Positive media attention a powerful advocacy tool.
Writing a Letter to the Editor
If you want to correct inaccuracies in a news story, or you want to respond to a recent article, a letter to the editor is a great way to do so. When writing a letter, conduct research on the process and requirements of the publication in its determination of which letters it prints. Newspapers have a word limit for such articles, for instance, and the letter should be within that range in order to increase its chances of publication. The best way to find out the word limit is by calling the publication or looking online under the editorial section. Write persuasively and include local statistics and personal stories to make your point. One important item to remember is to stick to one major point or subject. At the end of the letter, be sure to include your name, address and daytime telephone number. If you submit the letter by fax, make sure to sign it; otherwise the publication will not publish it. If you submit the letter by e-mail, you may be called to confirm that you wrote the letter. Note that it may take a few days after you submit it to get a response.
A letter to the editor is an excellent way to express your views on the value of CTE and influence your Members of Congress because they read the hometown and local newspapers to keep abreast of important issues affecting their constituents. If your Congressional Member notices a letter about the effect CTE is having in your community, then it highlights the issue and may help with funding for your program at both the state and national level.
For example, a local ACTE member in Irmo, South Carolina, is worried about the budget cuts to education and CTE programs in the state. The member writes a letter to the editor to The State newspaper (South Carolina's largest newspaper) outlining CTE's impact in the Columbia community. The newspaper publishes the letter, which informs local and national policymakers about the importance of CTE, and it also educates the community, including the 104,880 daily subscribers and 746,000 visitors to the Web site each month.

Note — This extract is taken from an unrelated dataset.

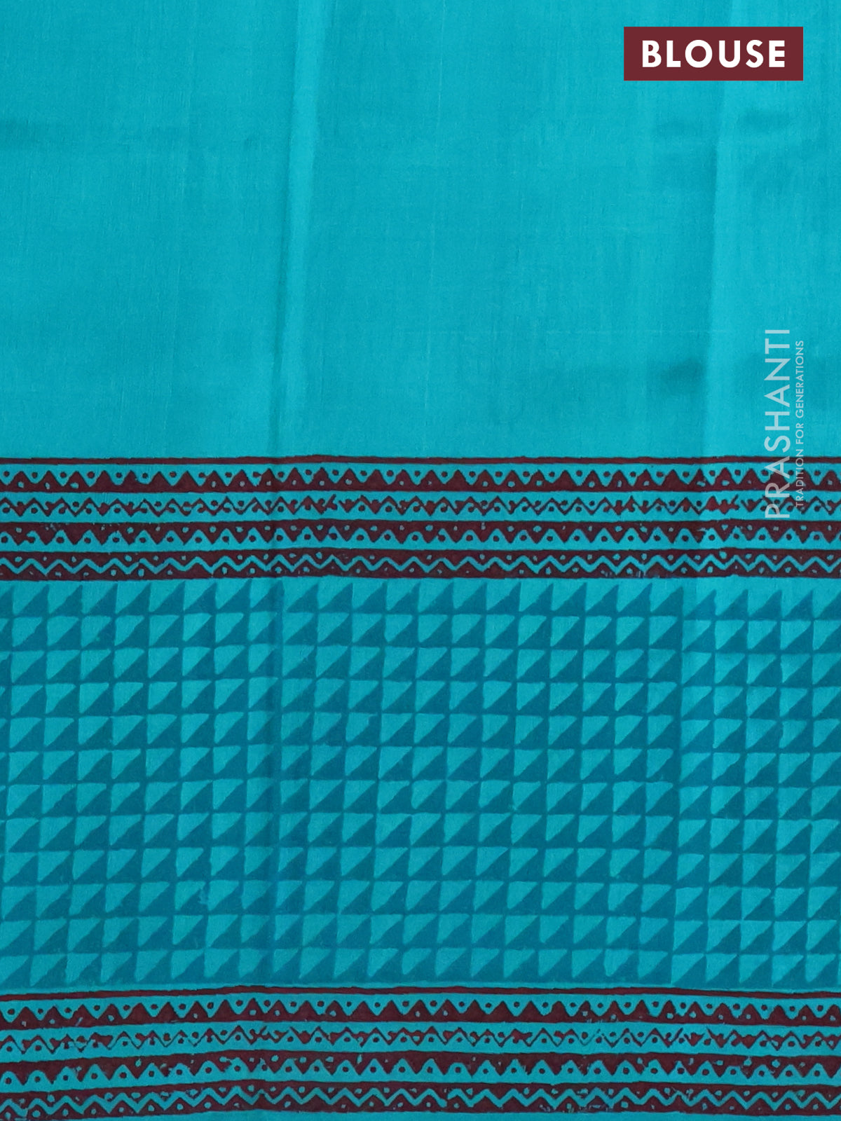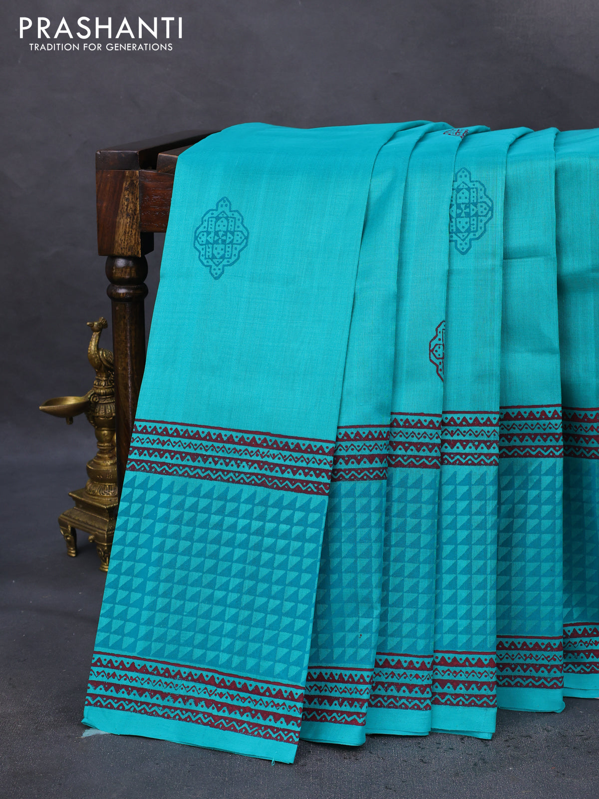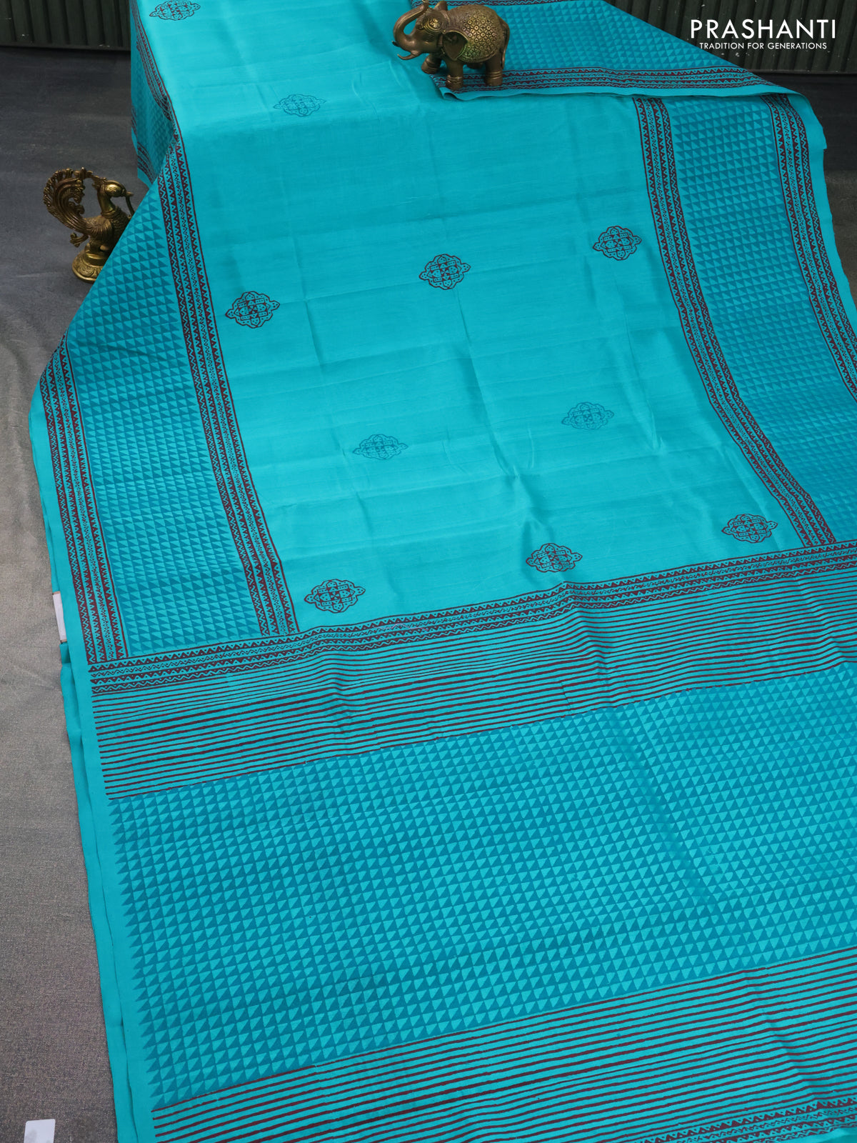 Silk cotton block printed saree teal blue with butta prints and printed border

Five Steps to Follow When Preparing on Op-Ed
Writing letters to the editor is an effective way to respond to an article, or to address one particular issue. When there is a larger issue affecting your community, like CTE funding being cut or high dropout rates, you may want to consider writing an Op-Ed. The Op-Ed provides an opportunity to illustrate the importance of an issue and the impact it is having in the community. Op-Eds are usually more in-depth requiring substantiating information. Before writing an Op-Ed:
1. Find opportunities. Review all publications in your region to determine which ones accept Op-Eds and the formats preferred. Are the Op-Eds generally about current social issues? Are the Op-Eds in a pro/con format?
2. Decide on a topic. In general, try to relate your topic to a current issue through an angle that will make your issue relevant. Examples include CTE as part of the school reform movement, CTE playing a role in reducing the dropout rate, or CTE's impact on building a qualified workforce.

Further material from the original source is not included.